▶ What the task requires:
Transcribe the entries that follow, every word as written, and drop the pictures.
--- Data ---
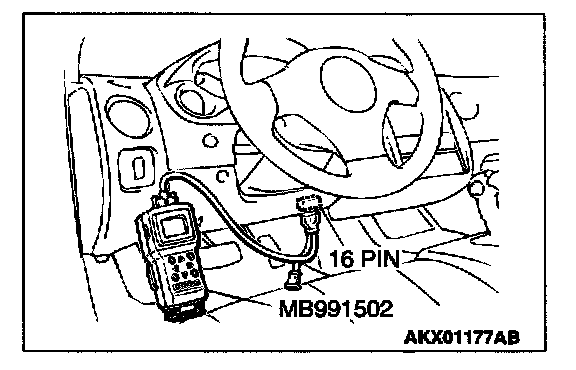 CAUTION: To prevent damage to scan tool MB991502, always turn the ignition switch to the "LOCK" (OFF) position before connecting or disconnecting scan tool MB991502.
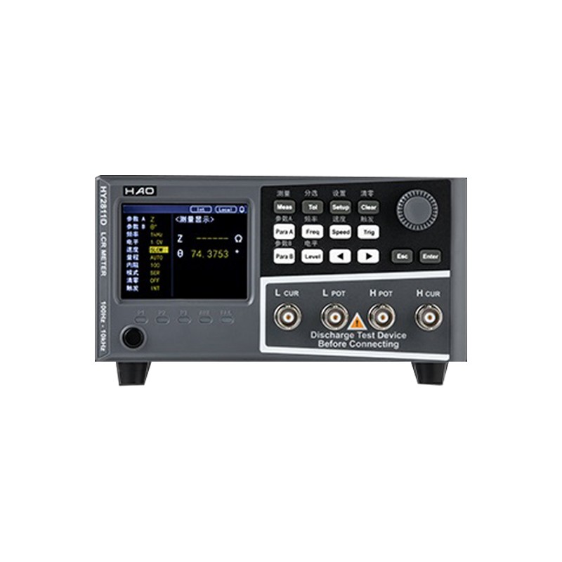 简要介绍 HY2811D 、HY2810D LCR数字电桥是我司推出的新一代低频元件测量仪器。体积小、重量轻、外形美观、操作简便、超高性价比、测试稳定性好。可满足生产线质量保证、进货检验及自动化生产的需要。 产品特点 2.8寸TFT液晶显示,所有测试结果与参数一目了然; 界面自带分选结果显示; 测试速度快(23次/s); 基本准确度0.1%; 四档分选; 30Ω、100Ω两种输出阻抗 测量应用 无源元件: 电容器、电感器、磁芯、电阻器、压电器件、变压器、芯片组件和网络元件等的阻抗参数评估 其他元件: 印制电路板、继电器、开关、电缆、电池等的阻抗评估 技术指标 型号 | HY2811D/ HY2810D | 显示 | 2.8" TFT240*320分辨率 | 测试信号频率 | 测试频率 | 100Hz,120Hz,1kHz,10kHz | 最小分辨率 | 4位显示 | 准确度 | 0.02% | AC 电平 | 测试信号电压范围 | 0.1V,0.3V,1V | 准确度 | ±10%×设定值 | AC源内阻 | ISO ON | 正常模式:100Ω | ISO OFF | 30Ω / 100Ω 可选择 | 输出阻抗准确度 | ±5% | 测试参数 | Cs-Rs, Cs-D, Cp-Rp, Cp-D, Lp-Rp, Lp-Q, Ls-Rs, Ls-Q,Rs-Q, Rp-Q, R-X, Z-θr, Z-θd, Z-D, Z-Q, Auto LCZ | 测试速度(ms/次) | 快速: 43ms;中速: 185ms;慢速: 350ms | 显示范围 | R, X, |Z|:0.00001Ω ~ 99.9999MΩ; G, B, |Z|:0.00001uS ~999.999S L:0.00001uH ~ 9.99999kH; C:0.00001pF ~ 999.999mF; D:0.00001 ~ 9.99999; Q:0.00001 ~ 99999.9; θd: -179.999° ~ 179.999°; θr:-3.14159 ~ 3.14159; | 清零功能 | 开路、短路 | 等效方式 | 串联,并联 | 量程方式 | 自动,保持 | 触发方式 | 内部,手动 | 数学运算 | 直读,△ABS,△% | 比较器 | 4档分选,BIN1-BIN3,NG,AUX,PASS,面板LCD显示 | 使用电源 | 110V/220V 50/60Hz 20W-30W | 上位机功能 | 上位机统计分析 | 订货信息 | 标准配件 | HY2811D HY26004:四端开尔文测试电缆 HY2810D HY26004:四端开尔文测试电缆 HY26048:四端测试夹具 HY26001: 短路片 上位机软件 |
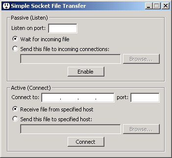 🌱 Simple Socket File Transfer 1.0 [9k] + Transfer a file between two computers using the TCP port of your choosing. Partially completed transfers can be resumed, and files are automatically checked with MD5 to ensure they were received error-free. Supports very large files (up to about 4 petabytes). 📺
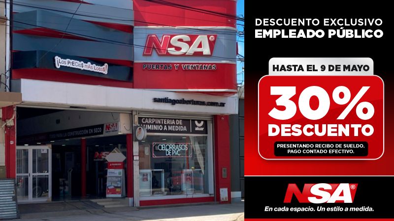 NSA Puertas y Ventanas lanzó una promoción imperdible para empleados públicos: 30% de descuento en todos sus productos abonando en efectivo. El beneficio está disponible durante diez días, hasta el 9 de mayo inclusive, en todas sus sucursales de Santiago del Estero.
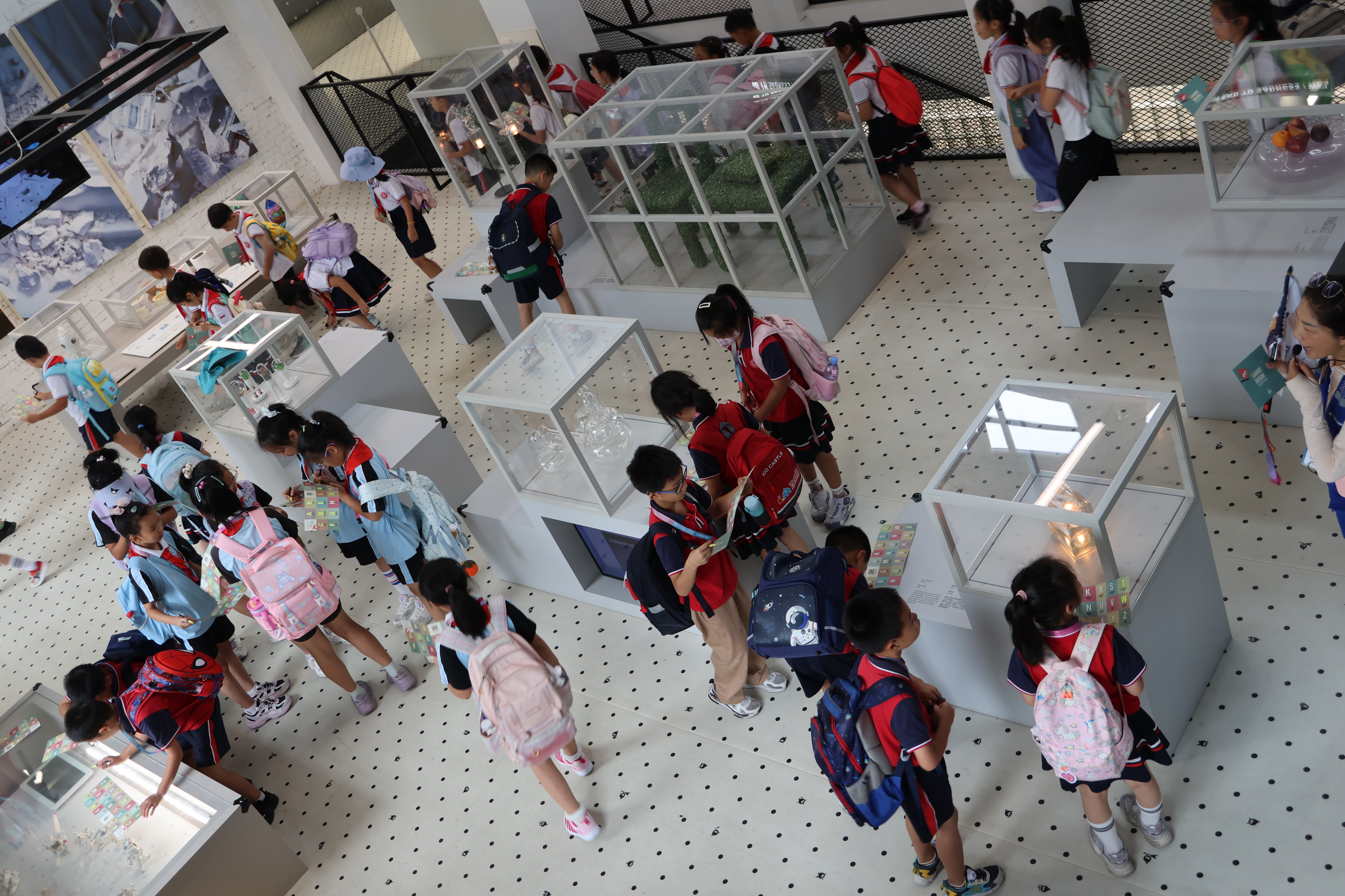 在儿童玻璃博物馆,同学们瞬间被带入一个五彩斑斓的童话世界。这里不仅是游乐场,更是启蒙地。通过互动游戏打卡,同学们了解了玻璃的起源与特性;探索玻璃这一变化多端的材料,透过玻璃看未来大千世界。这一刻,好奇的种子在心底萌发。
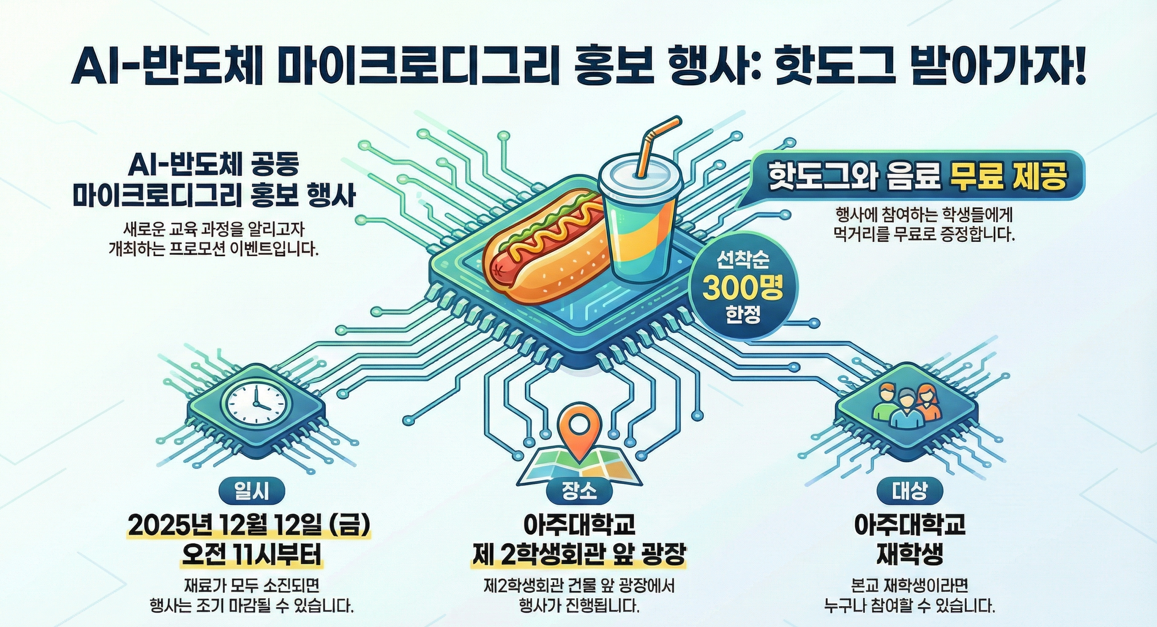[행사] [RISE] (아주대-서울과기대) AI-반도체 공동 마이크로디그리 홍보행사, 핫도그&음료 받아가자!(~12/26(금) 까지)
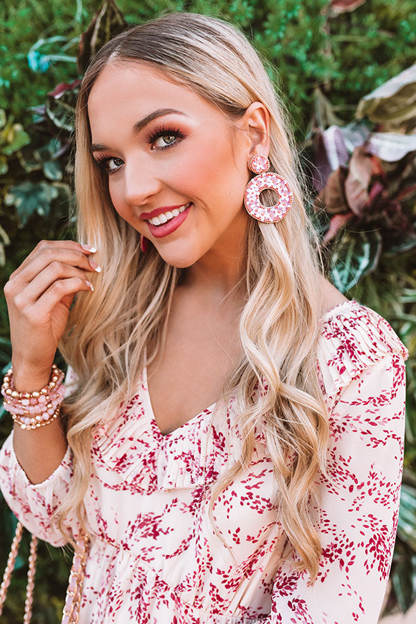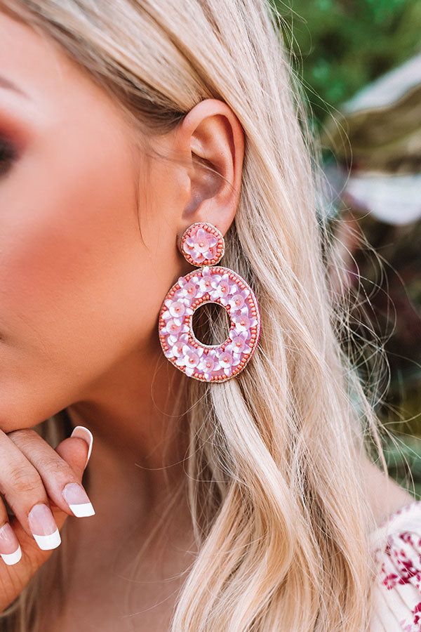 You will surely be channeling spring vibes when you accessorize with our adorable "Baja Blooms" statement earrings featuring light pink beaded circle studs and large dangling hoops!
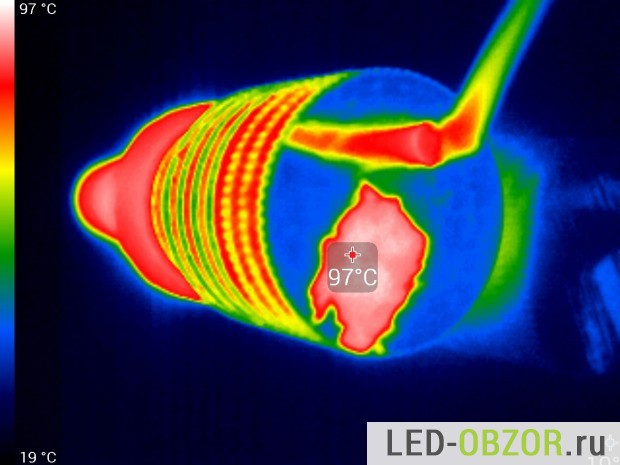 Радиатор равномерно прогревается, в месте подключения провода питания температура 97°
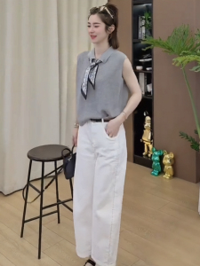 韩版翻领丝巾系带无袖针织背心女夏季设计感时尚减龄薄款百搭上衣
---
▶ Solved problem:
 CAUTION: To prevent damage to scan tool MB991502, always turn the ignition switch to the "LOCK" (OFF) position before connecting or disconnecting scan tool MB991502.
 简要介绍 HY2811D 、HY2810D LCR数字电桥是我司推出的新一代低频元件测量仪器。体积小、重量轻、外形美观、操作简便、超高性价比、测试稳定性好。可满足生产线质量保证、进货检验及自动化生产的需要。 产品特点 2.8寸TFT液晶显示,所有测试结果与参数一目了然; 界面自带分选结果显示; 测试速度快(23次/s); 基本准确度0.1%; 四档分选; 30Ω、100Ω两种输出阻抗 测量应用 无源元件: 电容器、电感器、磁芯、电阻器、压电器件、变压器、芯片组件和网络元件等的阻抗参数评估 其他元件: 印制电路板、继电器、开关、电缆、电池等的阻抗评估 技术指标 型号 | HY2811D/ HY2810D | 显示 | 2.8" TFT240*320分辨率 | 测试信号频率 | 测试频率 | 100Hz,120Hz,1kHz,10kHz | 最小分辨率 | 4位显示 | 准确度 | 0.02% | AC 电平 | 测试信号电压范围 | 0.1V,0.3V,1V | 准确度 | ±10%×设定值 | AC源内阻 | ISO ON | 正常模式:100Ω | ISO OFF | 30Ω / 100Ω 可选择 | 输出阻抗准确度 | ±5% | 测试参数 | Cs-Rs, Cs-D, Cp-Rp, Cp-D, Lp-Rp, Lp-Q, Ls-Rs, Ls-Q,Rs-Q, Rp-Q, R-X, Z-θr, Z-θd, Z-D, Z-Q, Auto LCZ | 测试速度(ms/次) | 快速: 43ms;中速: 185ms;慢速: 350ms | 显示范围 | R, X, |Z|:0.00001Ω ~ 99.9999MΩ; G, B, |Z|:0.00001uS ~999.999S L:0.00001uH ~ 9.99999kH; C:0.00001pF ~ 999.999mF; D:0.00001 ~ 9.99999; Q:0.00001 ~ 99999.9; θd: -179.999° ~ 179.999°; θr:-3.14159 ~ 3.14159; | 清零功能 | 开路、短路 | 等效方式 | 串联,并联 | 量程方式 | 自动,保持 | 触发方式 | 内部,手动 | 数学运算 | 直读,△ABS,△% | 比较器 | 4档分选,BIN1-BIN3,NG,AUX,PASS,面板LCD显示 | 使用电源 | 110V/220V 50/60Hz 20W-30W | 上位机功能 | 上位机统计分析 | 订货信息 | 标准配件 | HY2811D HY26004:四端开尔文测试电缆 HY2810D HY26004:四端开尔文测试电缆 HY26048:四端测试夹具 HY26001: 短路片 上位机软件 |
 🌱 Simple Socket File Transfer 1.0 [9k] + Transfer a file between two computers using the TCP port of your choosing. Partially completed transfers can be resumed, and files are automatically checked with MD5 to ensure they were received error-free. Supports very large files (up to about 4 petabytes). 📺
 NSA Puertas y Ventanas lanzó una promoción imperdible para empleados públicos: 30% de descuento en todos sus productos abonando en efectivo. El beneficio está disponible durante diez días, hasta el 9 de mayo inclusive, en todas sus sucursales de Santiago del Estero.
 在儿童玻璃博物馆,同学们瞬间被带入一个五彩斑斓的童话世界。这里不仅是游乐场,更是启蒙地。通过互动游戏打卡,同学们了解了玻璃的起源与特性;探索玻璃这一变化多端的材料,透过玻璃看未来大千世界。这一刻,好奇的种子在心底萌发。
[행사] [RISE] (아주대-서울과기대) AI-반도체 공동 마이크로디그리 홍보행사, 핫도그&음료 받아가자!(~12/26(금) 까지)
 You will surely be channeling spring vibes when you accessorize with our adorable "Baja Blooms" statement earrings featuring light pink beaded circle studs and large dangling hoops!
 Радиатор равномерно прогревается, в месте подключения провода питания температура 97°
 韩版翻领丝巾系带无袖针织背心女夏季设计感时尚减龄薄款百搭上衣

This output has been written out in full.